Me: I’m thinking about voting for Livni if she is the one to head up Kadima. I certainly can’t vote for Barak.
Bachura 1: Livni has no chance. Maybe in 4 or 5 years, but right now no one can forgive her for calling on Olmert to quit and then not quitting his cabinet herself. People see that as a sign of weakness. She chickened out at the last moment and no one will forgive her for that.
Bachura 2: Anyway, Olmert will probably manage to again be the leader for Kadima in the next elections.
Bachur: We have no good candidates but Bibi is the best we do have.
Me: (shocked) You can’t tell me you would vote for Bibi!
Bachur: We have a better chance at getting a peace settlement with Likud in charge. Yes, I’ll vote for Bibi.
Me: What?!
Bachur: Listen, you know I had a Palestinian girl friend for a long time. One of the things I learned from her and her family and from Palestinian friends was that we do better in negotiations with the Palestinians when we have a very strong leader that they are afraid of -one that they don’t ever know how he will react or what he will do.

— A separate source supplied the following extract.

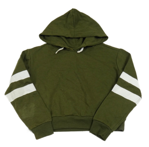 Khaki crop mikina s prúžkami a kapucňou New Look

If they consider a leader to be weak or a joke, like they do Olmert, they toy with him but any agreement they might come to doesn’t mean anything and they have no intent to keep it. That is what happened when Barak was in charge of the negotiations. With people like Sharon or Bibi, because they never know what these crazy guys will do and because they are seen as being very strong and harsh, they have a lot of respect for them. They hate them but they respect them.

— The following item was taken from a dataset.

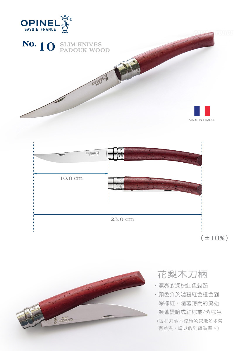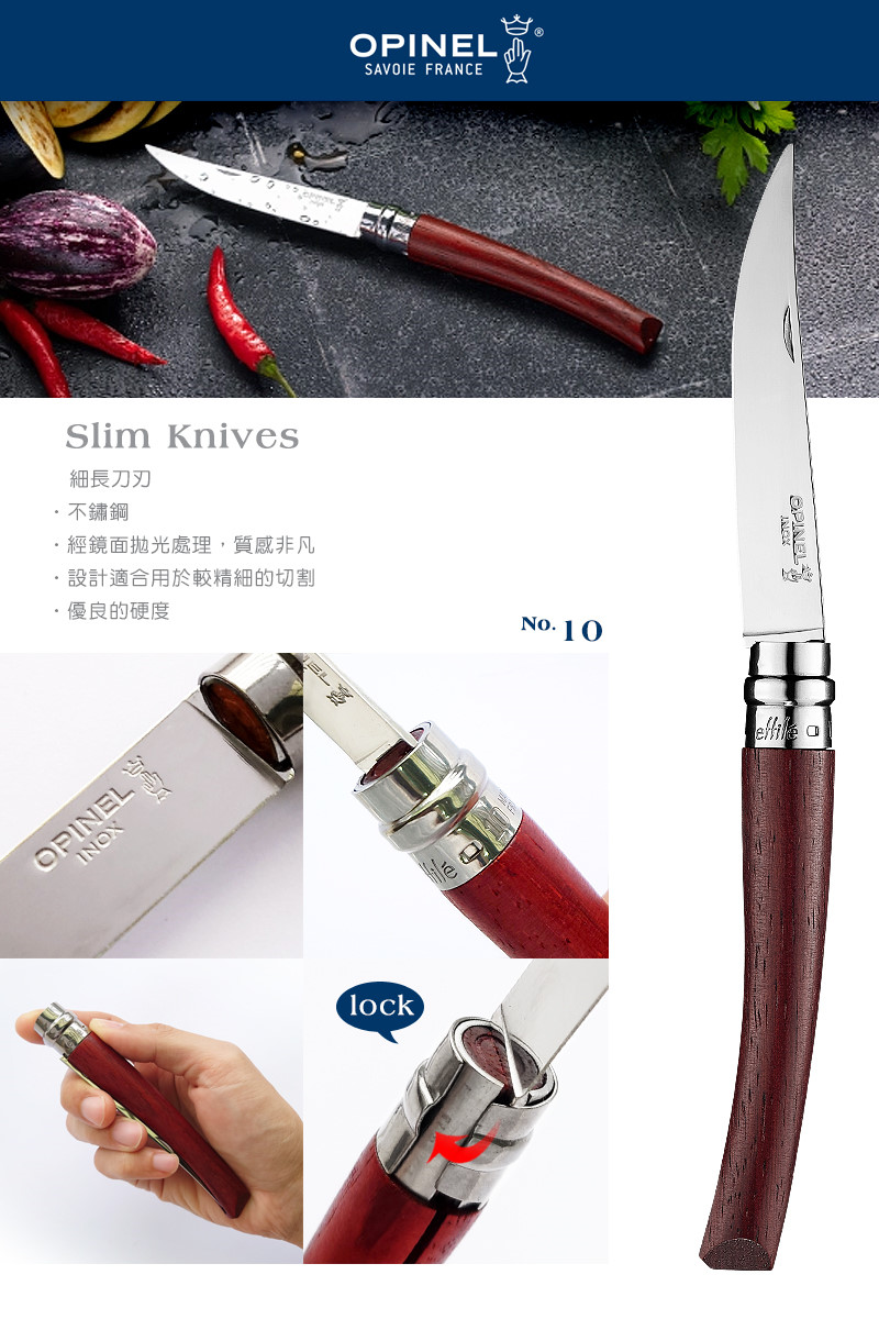 OPINEL 紅花梨木 Effilé 10 折刀- Virobloc指環鎖定

My girlfriend and her family used to laugh at how clueless most Israelis were, myself included, with their European way of thinking about how to negotiate in the Middle East and said that the Sefardim knew the score because they had lived in arabic countries. The Sefardim are almost all right-wing. The Askenazim think like the Europeans do with the idea that seeming to be open to making concessions and meeting the other half-way or even more than half-way is the good and right thing to do and they don’t realize that doing that is taken as a sign of weakness, that it is something that arabs don’t respect in a leader, and that it will never lead to any kind of agreement that is worth anything.

Me: I still couldn’t vote for Bibi.
Bachur: Who are you going to vote for then, if Olmert heads Kadima, Beilin (Meretz)?
Bachura 2: (snorting) Beilin is out. Meretz is dead and can’t be restored.
Me: Absolutely not for Meretz. [Turning to Bachura 2] You aren’t supporting Meretz anymore?
Bachura 2: I’ll also vote for Bibi. He is the only one possible to vote for.
Me: (feeling the need to ask for CPR) You’re joking. Tell me you are joking.
Bachura 1: I’d vote for Bibi too. I couldn’t ever vote for Barak, not after what he has done. Definitely not Olmert or Livni. That leaves Bibi or Lieberman and you know, nobody in their right mind would vote for Lieberman.

I looked sideways at Hadasha, hardly daring. She shrugged.
Hadasha: I might vote for Barak. But, probably, Bibi.